Sociedade

O que leva uma mulher a recorrer a cirurgias plásticas?

Com o caso de Renée Zellweger, a questão voltou a vir ao de cima e a suscitar grande interesse na opinião pública.

O culto do corpo, da beleza e da eterna juventude está de tal forma incutido nas sociedades ocidentais que é difícil desassociarmo-nos dele. Basta olhar para as capas de revistas e para os anúncios televisivos, como explica a psicóloga clínica Maria do Carmo Cruz.

“Na grande maioria dos anúncios de televisão as actrizes têm entre os 20 e os 30 anos. Só quando o produto é dirigido aos mais velhos (como os anúncios de fraldas, dos bancos, entre outros), surgem os actores mais idosos, já com mais de 65 anos”, nota a psicóloga.

Um hábito ocidental, já que nas culturas orientais a beleza não é tão valorizada. Pelo contrário, o amadurecimento da mulher é visto como uma bênção para a comunidade. “Nas Filipinas, por exemplo, a mulher vai sendo cada vez mais integrada nas actividades do seu meio à medida que vai envelhecendo”, o que leva a que estas (na sua grande maioria) não vivam  deprimidas ao atingir idades avançadas e com um corpo que já não é o que era, explica Maria do Carmo Cruz.

No Ocidente acontece exactamente o oposto. Tal como no ‘Mito de Cronos’ – o mais novo dos Titãs, pai de Zeus, que engoliu cinco dos seus seis filhos com medo de ser destronado – as mulheres mais velhas esforçam-se por se manterem no topo ‘destronando’ as mais novas, sem que haja uma integração saudável das várias gerações.

E num mundo em que as mulheres são muitas vezes valorizadas pelo aspecto físico, a necessidade de conquistar a eterna juventude leva-as a recorrer às cirurgias plásticas. O que é ainda mais premente em Hollywood, onde muitas actrizes são glorificadas principalmente pelo corpo.

Renée Zellweger já tinha uma carreira consolidada. Deu nas vistas com ‘O Diário de Bridget Jones’, deslumbrou tudo e todos com ‘Chicago’ e venceu um Óscar pelo seu papel em ‘Cold Mountain’. Vários críticos esmagavam-na a cada filme que era lançado, mas era acarinhada pelo público, pelos seus colegas e pela Academia. Se provou o que tinha a provar enquanto actriz, esta necessidade de rejuvenescer estará directamente relacionada com a realização profissional?
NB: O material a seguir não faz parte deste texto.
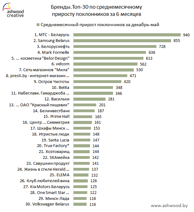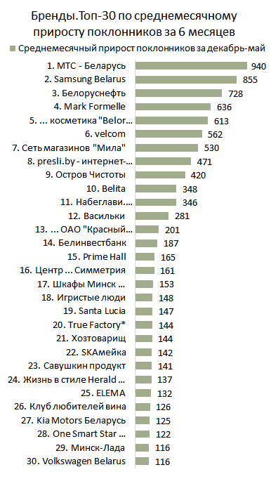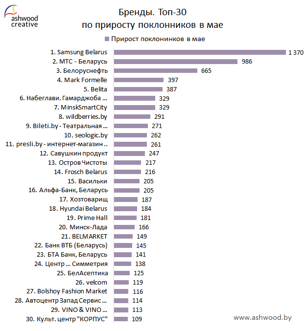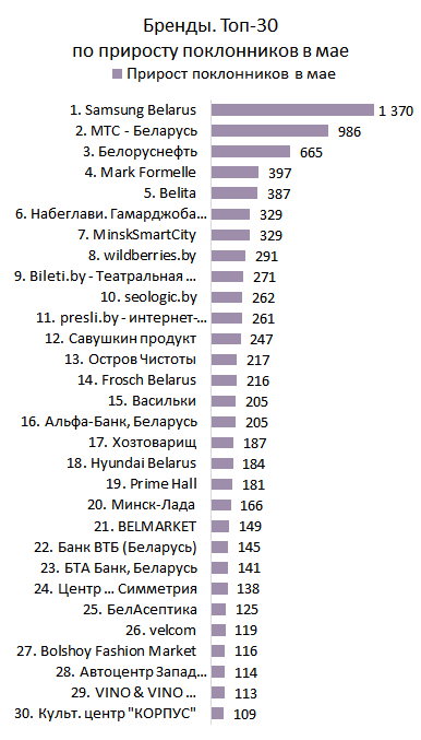 БРЕНДЫ. Топ-30 по приросту поклонников за Май

Sem conhecer o passado da actriz, a psicóloga explica o que, a seu ver, leva a maioria das mulheres a recorrer às cirurgias plásticas: “Quem sente a necessidade de não só fazer pequenas alterações na cara, mas de uma tal transformação que a deixa irreconhecível, aos olhos de muitos mostra uma grande falta de auto-estima e de valorização de si mesma. Reflecte uma total dependência da beleza, da juventude e das cirurgias em si – que se tornam um vício, tal como as drogas e o álcool”, conclui.

Para o cirurgião plástico Manuel Oliveira Martinho, médico da Corporación Dermoestética, o que leva as mulheres a recorrerem a estes processos não tem necessariamente a ver com uma questão de vaidade. “Existem mulheres que condicionam as suas actividades por não se sentirem bem com o seu corpo – falamos de aspectos como uma barriga flácida devido à gravidez, um nariz demasiado grande ou orelhas de abano, por exemplo. Há quem sofra com estes problemas”, explica.

As mulheres que não gostam de si mesmas acham também que os outros não gostam do seu aspecto. “Isto influencia muito na personalidade de alguém. Mas os resultados da cirurgia também têm um grande impacto na forma de estar de uma pessoa”, disse ao SOL.

No entanto, há que perceber se não existe de facto um problema psicológico mais grave por detrás de um rosto. “Se a pessoa tem desejos que não são realistas, o médico deve declinar o pedido ou pedir ajuda a um colega [na área da psicologia] (…) Se o cirurgião for honesto e vir que a paciente não vai obter os resultados pretendidos, tem o dever de dizer que não opera”, afirma o doutor Manuel Oliveira Martinho.

O médico confessa que não conhece bem o caso de Renée Zellweger, mas referindo-se ao caso de Hollywood em geral, fala na pressão que os artistas sentem para manterem uma certa imagem: “Ou porque há a necessidade de preservar a beleza ou porque existe o medo de se ser ultrapassado pelos mais jovens”.

“Se a pessoa vive da imagem, tem de cuidar da mesma. O pior é quando as cirurgias se tornam irrealistas e os resultados não são naturais”, acrescenta. E tal como já foi referido, cabe ao médico ser sincero com o paciente e tentar perceber se se trata apenas de uma tentativa de aperfeiçoamento ou de um problema mais sério.